Moulay Ismail en un grabado anónimo del siglo XVIII

En 1868 había un carnicero -se desconoce su nombre-, cuya prosperidad aumentó considerablemente debido al buen producto que vendía, en especial el kefta que preparaba (carne picada de ternera, cordero o de ambas condimentada, mezclada y amasada similar a las albóndigas para cocinarla asada o a la parrilla una vez insertada en una varilla al estilo de brocheta o pinchito, aunque también se puede consumir como hamburguesa o similares). Inicialmente, el local de este autónomo se reducía a «un reducido cajón bastante elevado sobre el nivel de la calle, sucio y triste» (El Eco de Gerona, 26/09/1868), pero debido a las ganancias de sus buenas ventas pudo ampliar, pintar y mejorar el local sin que le faltase a diario flores «de las que se crían en los bellísimos campos de Mequinez» (El Eco de Gerona, 26/09/1868).
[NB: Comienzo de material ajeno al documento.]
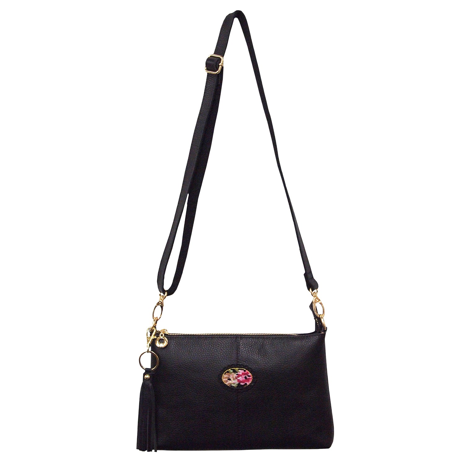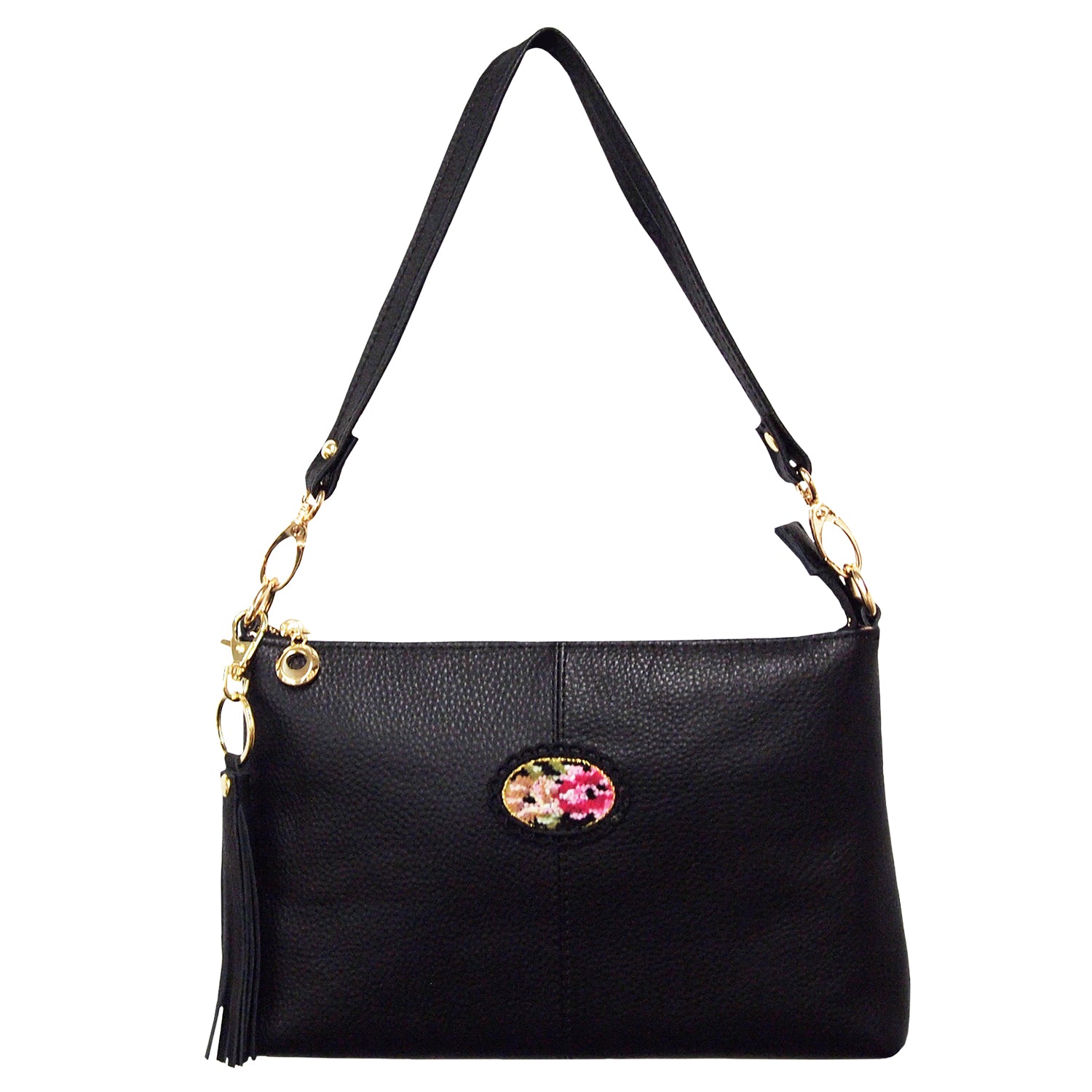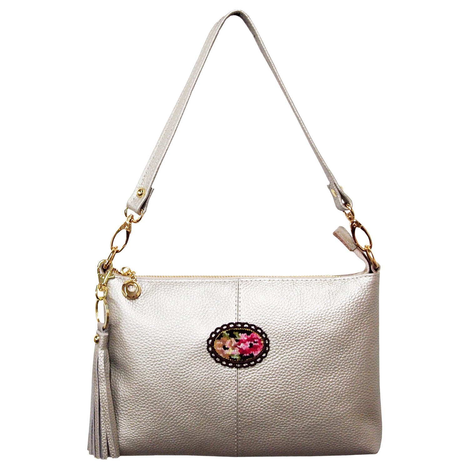 ゴールドの金具使いが華やかな牛革ショルダーバッグ!
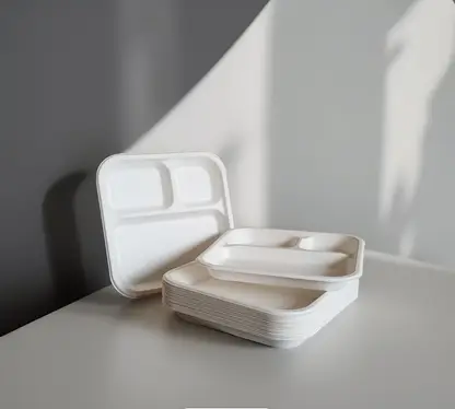 Disposable Bagasse with 3 Compartments 12 inch Dinner Plate (Pack of 10)
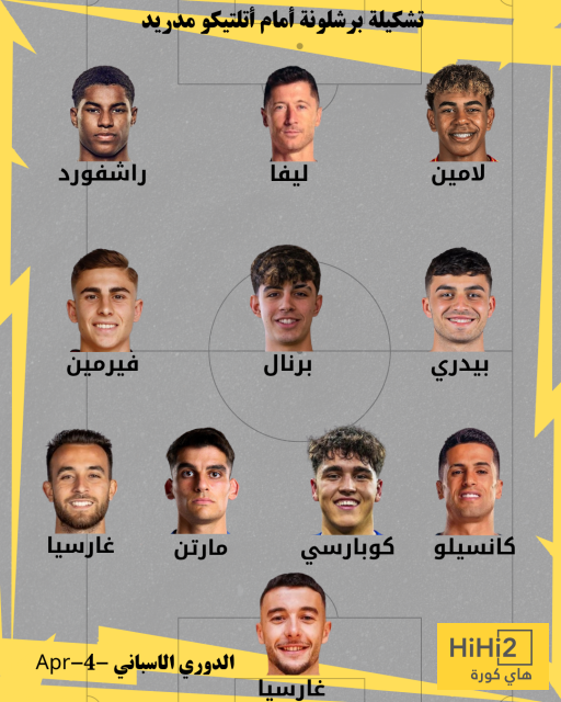 خط الهجوم : لامين يامال ، ليفاندوفسكي ، راشفورد

La venta seguía aumentando al igual que la extrañeza y la envidia de sus compañeros de gremio, que no se explicaban cómo «había conseguido más ternura y mejor gusto a la carne de cordero» (El Avisador Malagueño, 24/09/1868; El Eco de Gerona, 26/09/1868). Su tiempo de fortuna y mucho más acabaron desde la noche que escucharon alboroto en su casa.

Descubrimiento macabro

Un día, casi a medianoche, unos serenos escucharon ruidos y llantos procedentes desde el interior de la casa del carnicero. Una vez que pudieron comunicarse con la mujer que los producía y ante el nerviosismo que mostraba, decidieron forzar la puerta; una vez abierta la tranquilizaron. Ella argumentó que el carnicero requirió de sus servicios -ejercía la prostitución- invitándola a su casa, pero este, teniendo que ocuparse de cierto asunto personal, tuvo que salir pero no antes de asegurarse de tenerla encerrada. «Viéndose sola tuvo miedo, y un secreto presentimiento le hizo procurar instintivamente un socorro» (El Avisador Malagueño, 24/09/1868).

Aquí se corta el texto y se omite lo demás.